Hint: As given mixtures have wine and water in ratio therefore they have some common factor between them, we will create equations and solve them to find the ratio of wine and water in the new mixture.

Complete step-by-step answer:
Wine: Water in vessel $ = 5:2$
Wine: Water in vessel $ = 8:5$
Final ratio of Water: Water $ = 9:4$
Let, x will be the common factor of the first vessel and y is the common factor of the second vessel.
So, wine and water amount from first vessel = $\dfrac{{5x}}{7}$ and $\dfrac{{2x}}{7}$ [5:2$ \Rightarrow 5 + 2 = 7$]
Wine and water amount from second vessel = $\dfrac{{8y}}{{13}}$ and $\dfrac{{5y}}{{13}}$ [8:5$ \Rightarrow 8 + 5 = 13$]
So, in new mixture:
Total wine $ = (\dfrac{{5x}}{7} + \dfrac{{8y}}{{13}})$
Total water $ = (\dfrac{{2x}}{7} + \dfrac{{5y}}{{13}})$
Now, new mixture are in ratio 9:4
$(\dfrac{{5x}}{7} + \dfrac{{8y}}{{13}}):(\dfrac{{2x}}{7} + \dfrac{{5y}}{{13}}) = 9:4$ (Given)
$ \Rightarrow \dfrac{{\dfrac{{5x}}{7} + \dfrac{{8y}}{{13}}}}{{\dfrac{{2x}}{7} + \dfrac{{5y}}{{13}}}} = \dfrac{9}{4}$
Do Cross Multiplication:

$ \Rightarrow \dfrac{{65x + 56y}}{{26x + 35y}} = \dfrac{9}{4}$
Do Cross Multiplication:
$ \Rightarrow 65x \cdot 4 + 56y \cdot 4 = 26x \cdot 9 + 35y \cdot 9$
$ \Rightarrow 260x + 224y = 234x + 315y$
$ \Rightarrow 260x - 234x = 315y - 224y$
$ \Rightarrow 26x = 91y$
$ \Rightarrow \dfrac{x}{y} = \dfrac{{91}}{{26}}$
$ \Rightarrow \dfrac{x}{y} = \dfrac{7}{2}$
Therefore, the new mixture is in ratio - 7:2
Hence, Option (B) is correct.

Note: This question can also be answered with the help of alligation.
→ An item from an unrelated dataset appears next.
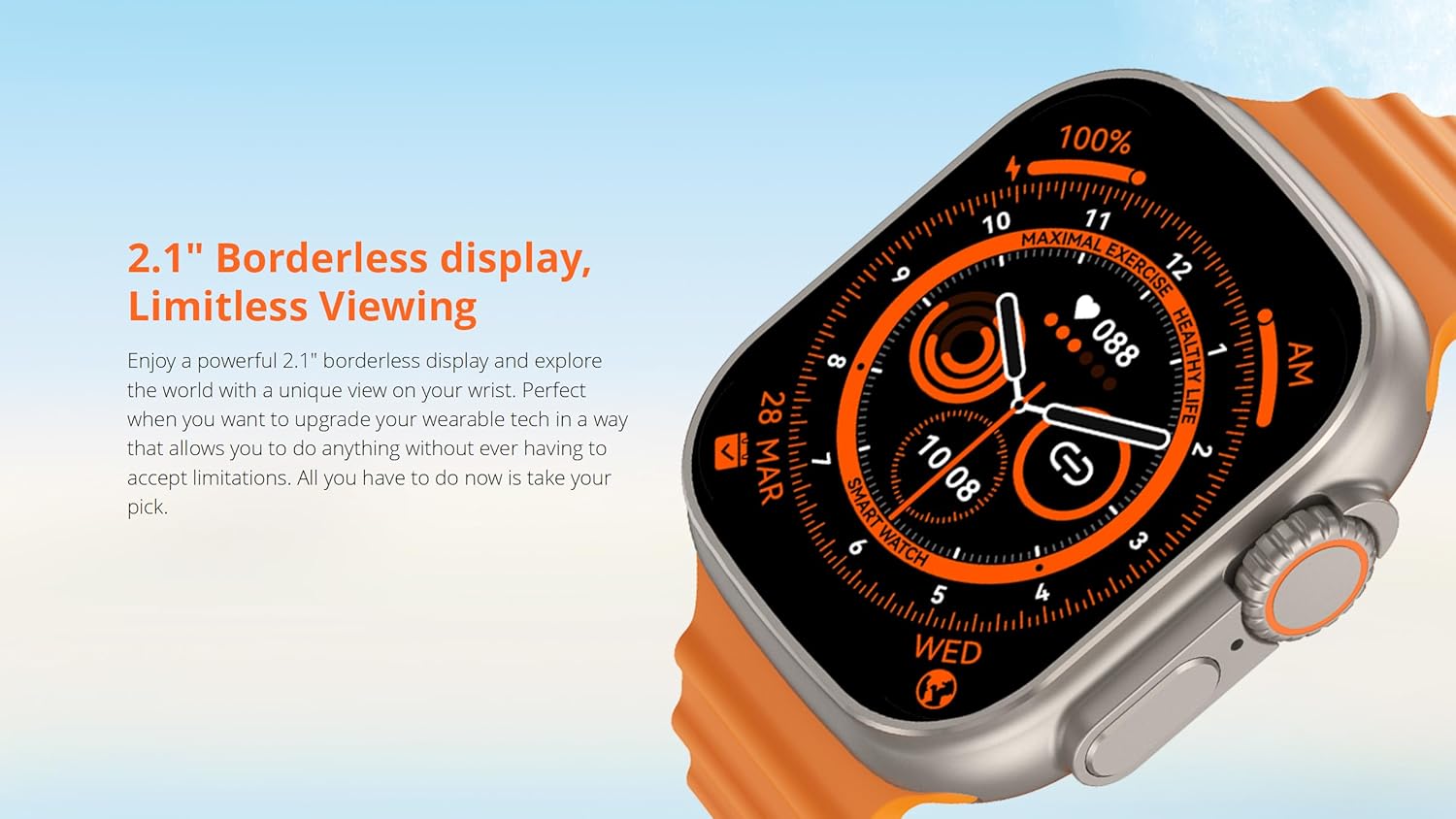 Impressive Display: The RIVERSONG Motive 5T Smart Watch features a borderless 2.1-inch display that offers a stunning visual experience.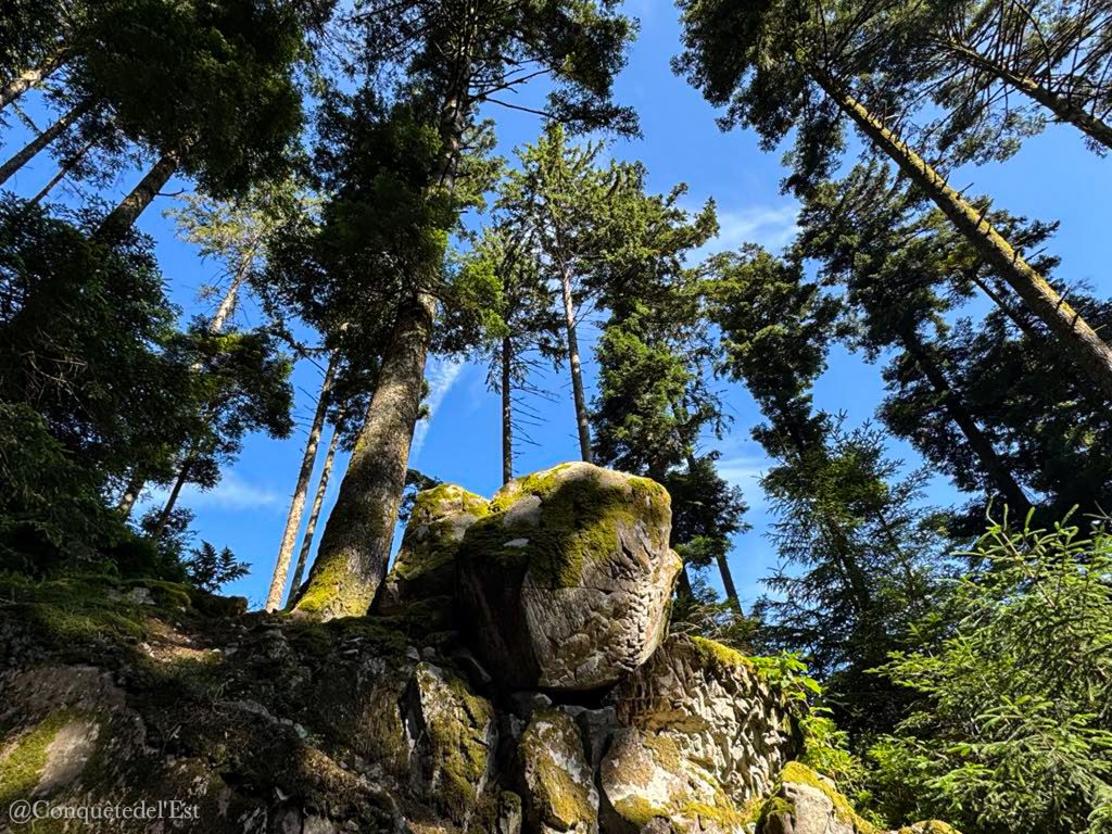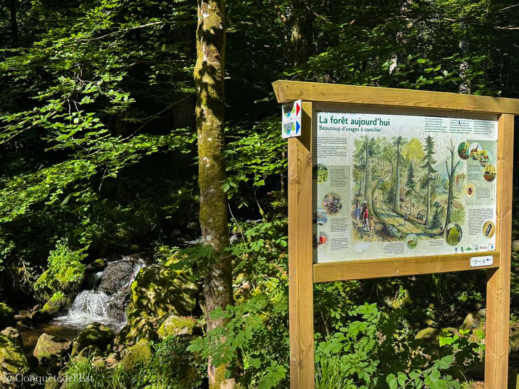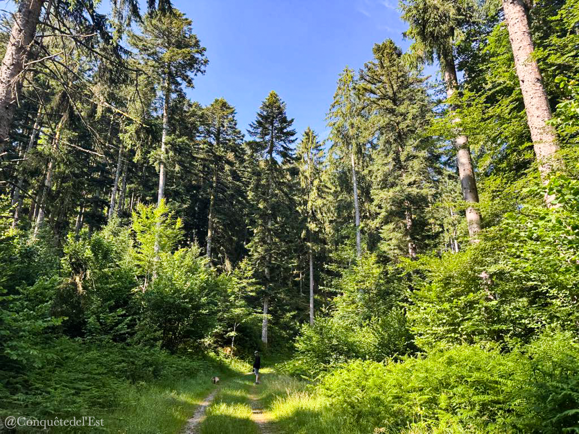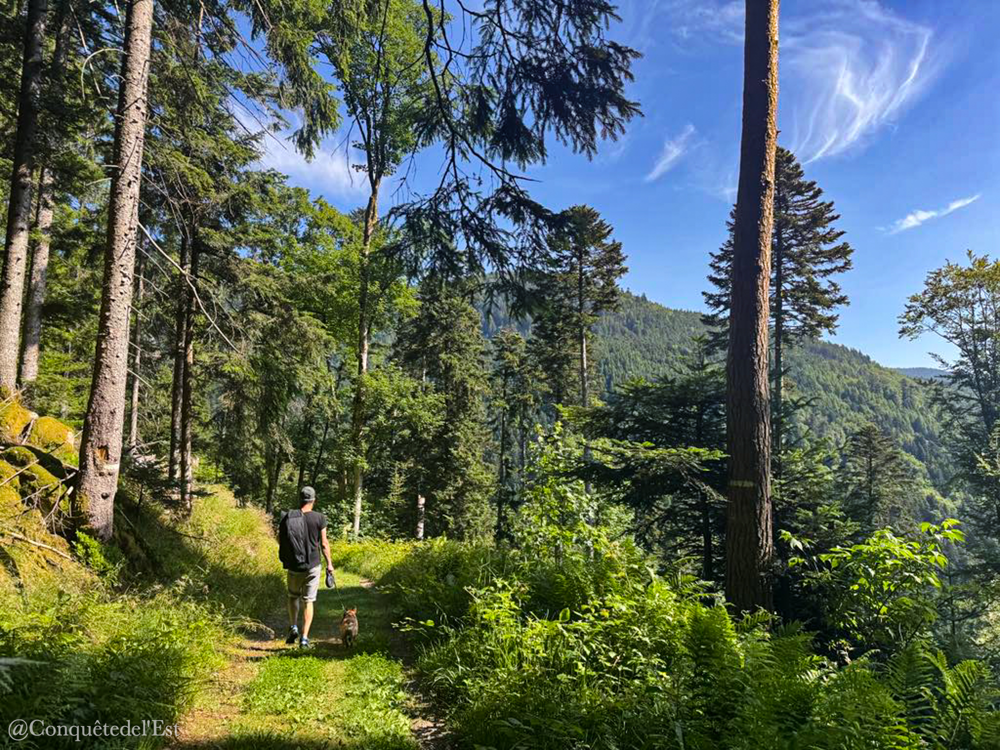 Depuis le chalet, il y a plein de départs de randonnées. Nous en avions demandé une qui serait adaptée à un ptit bouledogue donc pas très longue (ce ne sont pas des chiens sportifs mais qui aiment bien marcher quand même) et assez à l’ombre. Nous sommes donc allés jusqu’à Stosswihr faire une petite randonnée d’un peu moins de 5km, parfait donc ! C’est le sentier des cascades du Stolz Ablass que nous allons faire. Une fois garés sur le parking, vous verrez sur le panneau explicatif que vous avez 3 possibilités de randonnées selon votre envie/niveau. Nous avons choisi de suivre le circuit rouge qui correspond au tracé de Visorando. Franchement, balisage au top, impossible de vous perdre. La randonnée alternera passage en forêt et sentier avec points de vue. Mais le top, c’est de suivre les cascades. Ce sentier caillouteux est bien sympa, il aura fallu porter une ou deux fois Arod car les cailloux étaient plus hauts que lui mais il a adoré découvrir la grimpette, il était comme un fou, un nouveau terrain de jeu super pour lui ! Bon, il n’était pas très courageux pour aller tremper ses pattes dans l’eau mais sachez que vous pouvez laisser votre chien allez se baigner en toute tranquillité dans la Fecht, elle n’est pas polluée aux cyanobactéries. Il y a donc un peu de grimpettes dans cette petite randonnée mais elle est vraiment accessible. Après avoir longé les cascades, on aura droit à un sentier avec de magnifiques points de vue. On reviendra ensuite tranquillement à notre voiture. Ce fut une très belle mise en jambes pour attaquer la journée !

Alligation is a rule that enables us to find the ratio in which two or more ingredients at the given price must be mixed to produce a mixture of desired price. Alligation is an old and practical method of solving arithmetic problems related to mixtures of ingredients. There are two types of alligation: alligation medial, used to find the quantity of a mixture given the quantities of its ingredients, and alligation alternate, used to find the amount of each ingredient needed to make a mixture of a given quantity. Alligation media is merely a matter of finding a weighted mean. Alligation alternate is more complicated and involves organizing the ingredients into high and low pairs which are then traded off.